Тут Сережка вспомнил папу, и мы все вместе впервые порадовались его необязательности и неорганизованности. День рождения у моего сына был в начале мая, и папа уже собрал ему компьютер (папа у нас многое может, если захочет), но до сих пор не удосужился его нам завезти. Очень, кстати, хорошо, что не удосужился. Но теперь ему следовало об этом напомнить. И было бы неплохо, если бы он отдал нам свой второй телевизор. Я предложила Сережке позвонить отцу, не откладывая дело в долгий ящик: о постигшем нас несчастье он еще не знал.
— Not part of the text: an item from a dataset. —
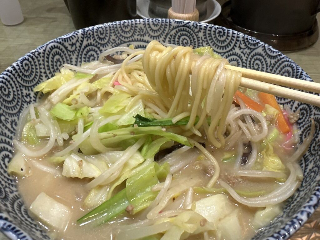 麺は村上朝日製麺所製のストレート中太タイプ。本場のちゃんぽん麺よりやや細身な感じもしますが、雰囲気出ていてちゃんぽん感はしっかりあります。
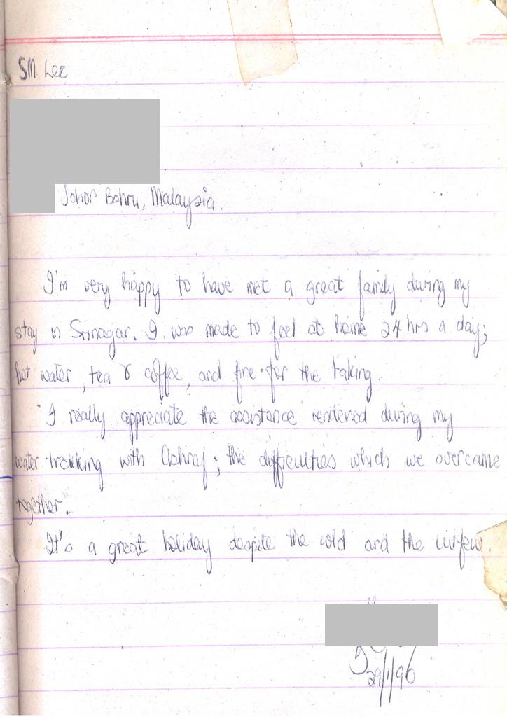 I’m very happy to have met a great family during my stay in Srinagar. I was made to feel at home 24 hours a day; hot water, tea and coffe and ??? for the taking.

Может, подвигнется хоть на какие-то действия.
Сережка заявил, что позвонит отцу завтра, – не желал даже на минуту быть выключенным из обсуждения наших планов.
Я поинтересовалась, что именно мы можем найти.
Сестры Ваучские этого сами в точности не знали – про клады они услышали от своей матери, когда та уже лежала, прикованная к постели. Вначале они считали, что Полина Александровна впала в маразм. Но говорила она очень связно. Наверное, сообразив, что уже не встанет, решила не уносить в могилу свою тайну. И рассказала дочерям историю семьи – так, как помнила сама. А потом упомянула и про клады – может, хоть у дочерей появится возможность до них добраться. Правда, сестры не представляли, как смогут взяться за поиски, даже не очень-то верили, что клад (или клады) спрятан где-то рядом, поэтому и не говорили нам про него раньше. Зачем травить душу?